How would you describe your current film and TV tastes?

It’s a fantastic time to be a fan of film and TV – there’s an incredibly broad array of amazing work. The only problem really is finding the time to consume it all.

That may sound like a dodge, but I love all genres and different styles in both film and TV – a good story is a good story and if I can explore a new world via that story, all the better!

What is the current state of the industry and how can screenwriters take advantage of it?

Currently, features are a somewhat difficult place to get non-franchise projects going and TV is booming. That said, features tend to be easier to break into (nobody cares if the writer of a hot feature script has no credits) while TV is difficult to break into (it’s rare that a pilot written by someone with no credit sells.)

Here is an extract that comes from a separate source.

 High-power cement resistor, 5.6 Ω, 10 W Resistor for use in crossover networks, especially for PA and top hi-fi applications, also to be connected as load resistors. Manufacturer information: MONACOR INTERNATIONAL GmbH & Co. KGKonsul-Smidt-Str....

Generally, I recommend that people focus on what they’re most passionate about. Still, I tend to feel that focusing on film and making your name on the feature side is a slightly easier strategy than breaking into TV cold. But I have clients who’ve done it, so it absolutely can happen. Neither strategy is easy, that said.

What are some of the biggest misconceptions aspiring screenwriters have?

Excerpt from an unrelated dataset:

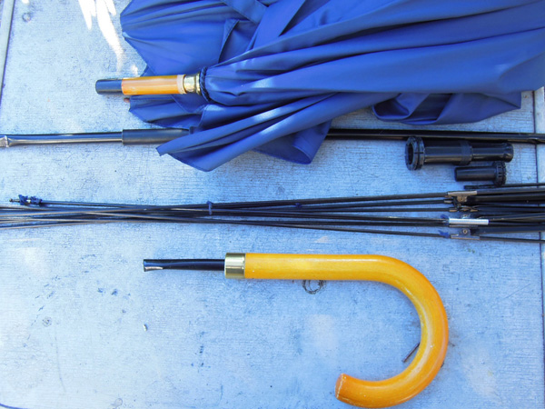 ![]() 針金を解くと受け骨がバラバラになります。作業がしやすいように傘布を露先の辺りで切り離します。

That they’ll get assignment work immediately upon selling a spec (or even simply upon getting representation.) Generally, assignment works tends to be reserved for writers with a proven track record or at the very least, a high profile script sale.

Where do find new writer clients? Referral/ contests/ cold call/ query letter/ networking etc. What works best?

I’ve found clients through all those methods. Obviously, a referral is the best, but that’s very much a matter of happenstance. I’m a huge fan of The Black List’s website and have found several clients through that. It’s very simply and intuitive. I’ve found LA-based clients through it, as well as clients all over the U.S. (and the world.)

Beyond that, I’ve found a few clients through contests and even a couple through query letters. The only approaches I’m vehemently against are calling (at best, you’ll be directed to email query letter) and showing up in person (without an appointment.)

What makes you stop reading a script submission?

My personal pet peeve is when a writer tells me how I’m feeling about a piece of dialogue or a character interaction. For example: “They bicker. We love it.”

I’m totally fine with a writer breaking the third wall to describe a camera/scene movement (“We follow them into the kitchen”) or calling back to an earlier scene (“We may recall them from the opening”), but I draw the line at being told how I feel about something.

Beyond that pet peeve, I’d say bad dialogue. If I read the first fifteen pages and the dialogue is lackluster, it’s probably a pass for me.

How can a screenwriter stay vibrant and relevant in the marketplace?

Read as much as you can (not just scripts, but articles, novels, non-fiction, plays…), watch as much as you can (movies, TV shows, theatre, music videos…), and, of course, write as much as you can.

On that last point, don’t spend ALL your time (years and years and years) on one idea – if you don’t get the reaction you want from a script, don’t focus on continuing to push it. Go and write another one.

Any success stories of a struggling screenwriter breaking in you want to share? 

Honestly, all my clients’ stories are truly impressive. Although they’re all different, they all start with a writer writing a script that they believed in, for no reason other than they loved the story. And then, somehow, I was fortunate enough to read it and work with them.

I love that they all wrote stories that they believed in passionately, with no guarantee of success, simply because they wanted to. Because they loved that story and wanted it told, despite the odds and despite the fact that they had no foothold in the industry. They simply wanted to write…

Any closing thoughts for our readers?

Although the marketplace is a difficult as it’s ever been, I feel quite optimistic. There are multiple ways for writers to be noticed, online and otherwise, that weren’t in place previously. And despite the competitive field, people always respond to a great story and a fresh voice. I’ve seen that happen with multiple times. This an industry hungry for new voices and new stories. That will never change, no matter the technological innovations.